Why wait until September.. FHORA race in Lakeland this weekend! 

Both groups are a lot fun, with each running one race per month.. which provides bi-monthly racing schedule if you so choose. There are two newer racers at Ken's that live in your area (St. Cloud), and a few others that live in Orlando area. 

Feel free to PM or email me for more details. :thumbsup:

-Robbie


----------



## slotcar58 (Jun 21, 2007)

*Thank you for your input!*

Thank you to all for your input.

I was not trying to ruffle any feather by offering to hold races at my home. I made an original post on 6/21/07. No one responded with any HO racing except a group in Daytona.

This will actually save me a lot of money, since I would have to bring my track down from MI, store the trailer for a couple of months, sell my 1972 Dart, and buy a new power supply. 

I will try to make it to Ken's, in June, since my daughter is graduating from U of MI the end of April.

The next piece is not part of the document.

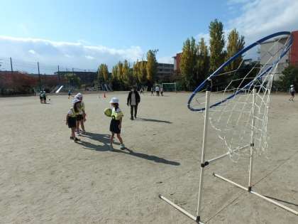 体育科の学習でパスゲームに取り組んでいます。この日は初めての授業でしたが,準備→体ほぐしの運動→試合と,スムーズに行うことができました。授業の最後には,試合の中での「こんな時どうする?」を話し合いました。次の時間が楽しみです!
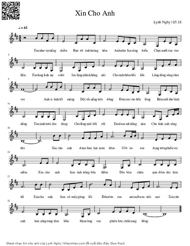 Phần nghe hát Xin cho anh (Lynh Nghy) được nhúng từ Youtube, Musescore hoặc link ngoài và chịu sự kiểm soát bản quyền của bên thứ ba đó, vì vậy có thể bị xóa hoặc chèn quảng cáo bất kỳ lúc nào. Nếu bạn không nghe - xem được ca sĩ hát tức là đã bị Youtube hoặc Musescore kiểm soát.

My objective is fun. I am past my ultra competitve days!

Good Racing!

Leo (Rick) Belleville


----------



## E-Force-1 (May 31, 2007)

> I was not trying to ruffle any feather by offering to hold races at my home.


slotcar58,
You are not ruffling any feathers. Just you should enjoy some already ongoing slotcar action until you bring your track down from up north. Those group of guys racing at Ken's would be more than glad to add your track to their schedule and they can alternate Saturdays with you.


----------